An internet-connected lighting system for greenhouses could reduce a farmer’s power bill, according to University of Georgia research.
The study showed that a predictive lighting control system could optimize lighting for plants by predicting sunlight and only utilizing lights when necessary. Farmers could reduce their greenhouse electrical costs by as much as 33% by optimizing their lights.
Plants are given supplemental lighting to make up for the lack of sunlight during rainy or cloudy days.
“When LED lights first came to market, they gave us an opportunity to control greenhouse lighting on a level that was not possible before,” said Marc van Iersel, a professor in the College of Agricultural and Environmental Sciences. “At the time, a lot of research was happening to optimize the lights themselves, but almost no one was working on smart control of the lighting system.
“The electricity used for the lights is anywhere from 10% to 30% of the cost of running a greenhouse.
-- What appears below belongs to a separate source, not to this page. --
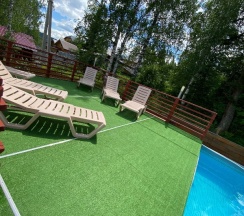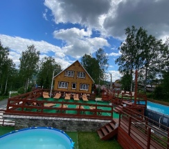 Есть Отличная баня, чан, раньше была купель. Сейчас не знаю. Есть где покушать вкусно. Настоечки брали, мяско жарили. Персонал все как свои. Спасибо ещё раз🔥💓

Our research began with the idea that, if we can reduce this cost, we can very quickly have an impact on the efficiency and sustainability of greenhouses.”
A team of UGA researchers designed a new lighting system that could reduce a greenhouse’s electrical demand without hurting the plants.
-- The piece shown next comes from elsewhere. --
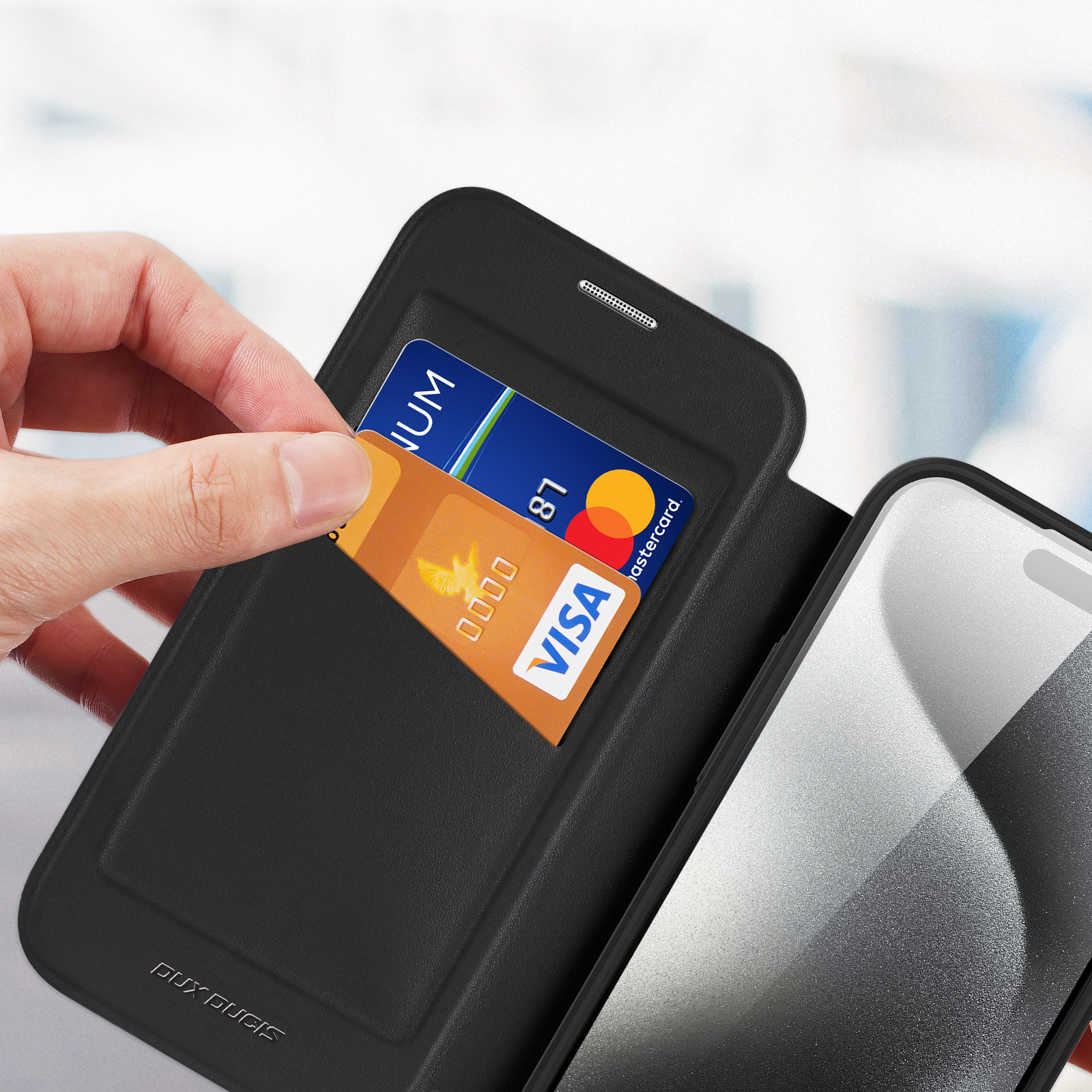Чехол-книжка черного цвета серии Skin X Pro Series с MagSafe для iPhone 15 Pro от Dux Ducis.

Electrical engineering master’s student Shirin Afazli built a control system that uses sensors to measure current weather conditions, and doctoral student Sahand Mosharafian and associate professor Javad Mohammadpour Velni developed light-predicting algorithms in their laboratories. In combination, the system can predict the amount of sunlight in the future.
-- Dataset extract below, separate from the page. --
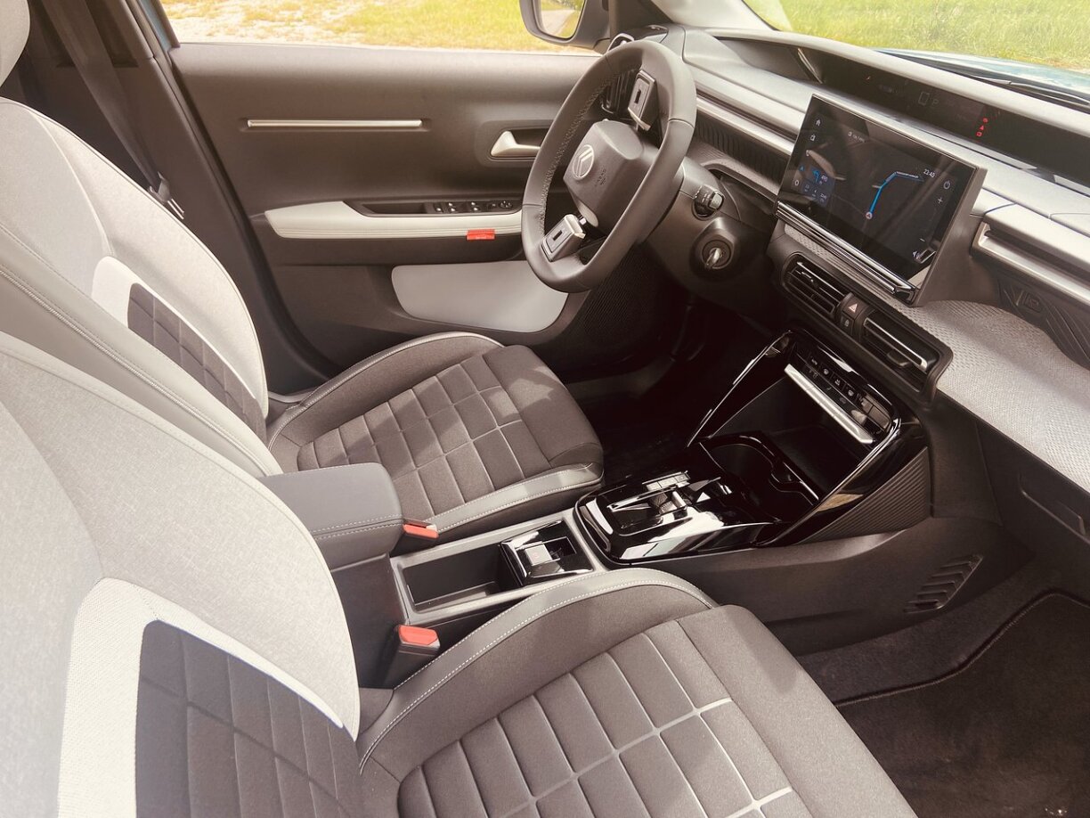 Relativ vill Auto, dee fir dee Präis och gutt verschafft ass. Et däerf een natierlech keng Wonner erwaarden, dofir ass dann och vill haarde Plastik verschaaft. D’Autoen déi mir ze Verfügung gestallt kruten, waren nach an der Pre-Produktioun. Dat heescht, datt virun allem, wat d’Assistentssystemer ugeet, nach net alles funktionéiert huet, wéi et da beim komplett fäerdegen Auto wäert sinn. Dofir wëll ech och net ze vill dorobber agoen. Den Auto fiert sech awer gutt. Virun allem duerch eng direkt a ganz präzis Lenkung. D’Fuerwierk ass gutt ofgestëmmt, kleng Lächer oder Knuppe gi gutt vum C3 absorbéiert.

Greenhouses are predominantly used during the winter and spring. The team tested their system during both growing seasons. The new system made a bigger impact during the spring. It reduced costs by 33% in the spring but only 4% in the winter. The system generates the most savings while the sun is shining.
According to the researchers, the actual cost savings could be even higher. Their experiments assumed a fixed cost for electricity, but in the real world, farms are subject to variable pricing. The team has already programmed the system to account for this variable and plans to publish future research that shows higher savings rates.